07 September, 2007

Jadilah Inspirasi bagi Orang Lain

DALAM proses belajarnya, manusia melalui sudut, yakni mental, fisik, emosional dan spiritual. Setiap sudut punya kunci keberhasilan. Kenapa pada sudut spiritual, tidak pernah ada kata LULUS....???

Belajar adalah suatu kegiatan yang tidak pernah mengenal kata berhenti. Bila perlu, nafas terakhir sekalipun tetap menjadi sebuah pembelajaran.
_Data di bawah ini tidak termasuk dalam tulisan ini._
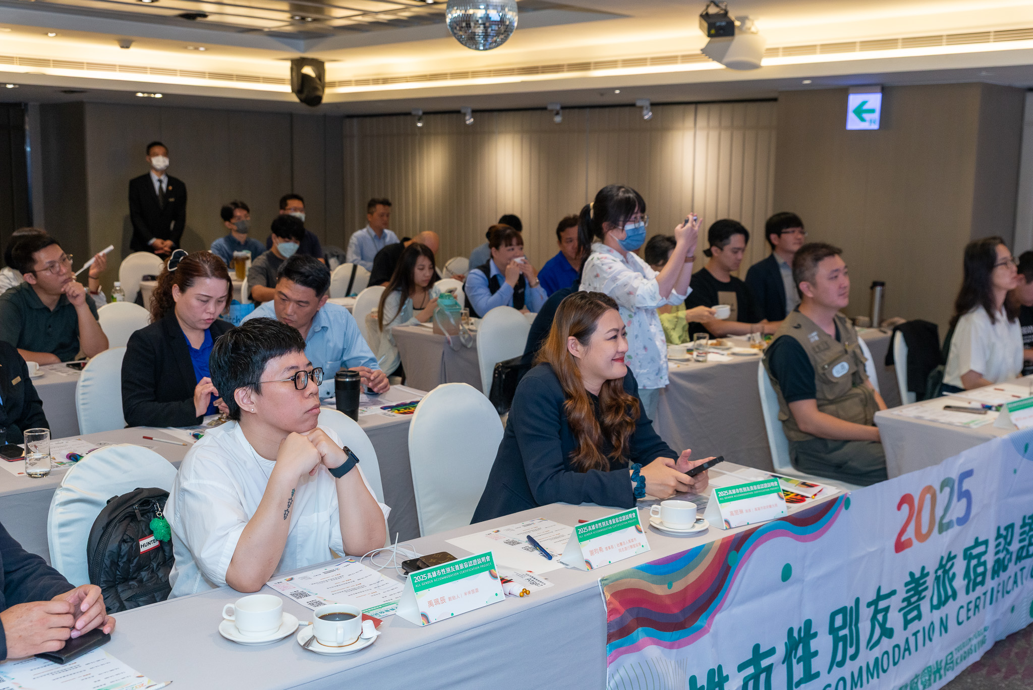 為協助旅宿業者落實理念,高市觀光局上半年已舉辦兩場性別友善旅宿教育訓練,邀請性別平權與旅遊產業專家跨域分享實務經驗。課程涵蓋同志社群旅遊實況、LGBTQ+在空間中遭遇的性別規範,以及性別友善在觀光行銷中的應用策略,廣受與會業者肯定。透過持續教育與對話,協助業者內化共融價值,進而落實於空間設計與日常服務中。

Namun kita semua mungkin menyimpan sebuah pertanyaan mengelitik tentang belajar, yakni bagaimana kita bisa membuat pembelajaran kita menjadi lebih efektif sehingga bisa segera memetik buah dari apa yang kita pelajari...???
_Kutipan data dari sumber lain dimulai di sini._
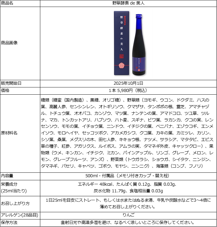 株式会社ブルックス(本社:神奈川県横浜市、代表取締役社長:小川裕子)は、BIOTOPIA(ビオトピア)より、発酵のチカラで美容と健康をサポートする酵素ドリンク『野草酵素de美人』を2025年10月1日に新発売いたします。

Untuk menemukan jawaban atas misteri tersebut, saya ingin mengajak kita menguak rahasia kekuatan piramida belajar. Dalam bukunya, Rich Dad's The Business School for People who like helping people, pebisnis dan penulis ternama Robert T Kiyosaki menawarkan suatu model yang sangat menarik, yang disebutnya piramida belajar. Model ini, sesuai namanya, berbentuk sebuah piramida yang membentuk empat sudut. Masing-masing sudut memiliki nama. Ada sudut mental, fisik, emosional dan sudut spiritual.
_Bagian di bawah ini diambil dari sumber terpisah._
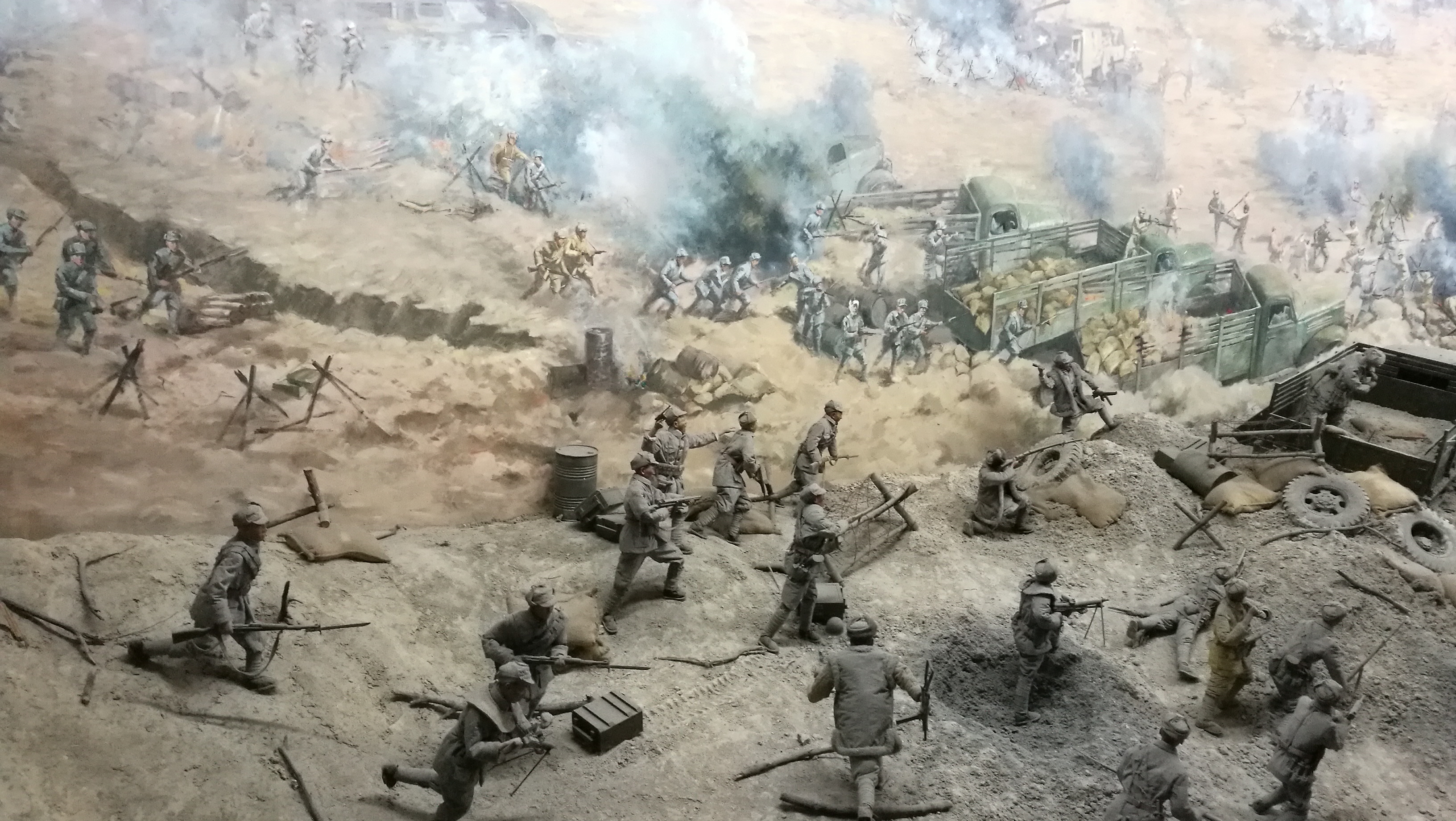 参观中,同志们观看了战地记者冒着生命危险拍摄的极其珍贵的影像资料和一幅幅图片,瞻仰了烈士的遗物,以及台儿庄大战遗址保留的弹痕累累的砖墙,深刻了解了1938年震惊中外的中日台儿庄大战。八十年过去了,爱国将士冲锋的呼喊犹在耳畔,惊魂夺魄的场面似在眼前,这是一场以少胜多的战役,也是一场令东洋倭寇魂飞魄散的战役,它给了世界人民一张崭新的名片,给中华民族打了一剂“兴奋剂”。

Pertama; sudut mental. Sudut ini merupakan sudur di mana kita semua mengawali proses belajar. Pada sudut ini biasanya kita akan menghadapi perlawanan-perlawanan dari keyakinan atau nilai-nilai yang telah kita miliki sebelumnya. Itu sebabnya, seringkali orang mengatakan lebih mudah mengajari anak kecil yang belum tahu apa-apa, dibandingkan mengajar orang dewasa yang sudah banyak tahu.

Mari kita gunakan saat-saat kita belajar mengendarai sepeda motor sebagai contoh. Pikiran kita akan memberikan perlawanan terhadap apa yang diajarkan oleh pelatih kita seperti bagaimana memindahkan persneling. Hal ini terjadi, karena pada saat kita belajar bersepeda di waktu kecil, belum ada yang namanya persneling.

Tentu saja keahlian yang telah kita peroleh sebelumnya, bisa bermanfaat, seperti bagaimana kemampuan kita mengatur keseimbangan saat kita mengendarai sepeda di waktu kecil. Kemampuan menjaga keseimbangan bersepada itulah, bisa digunakan saat kita belajar naik sepeda motor. Kunci keberhasilan kita pada tahap ini, adalah percaya sepenuhnya pada apa yang diajarkan oleh pelatih atau guru kita. Seringkali kita menjadi lambat pada tahap ini, karena mental pikiran kita mengatakan bahwa kita telah mengetahui semua yang diajarkan.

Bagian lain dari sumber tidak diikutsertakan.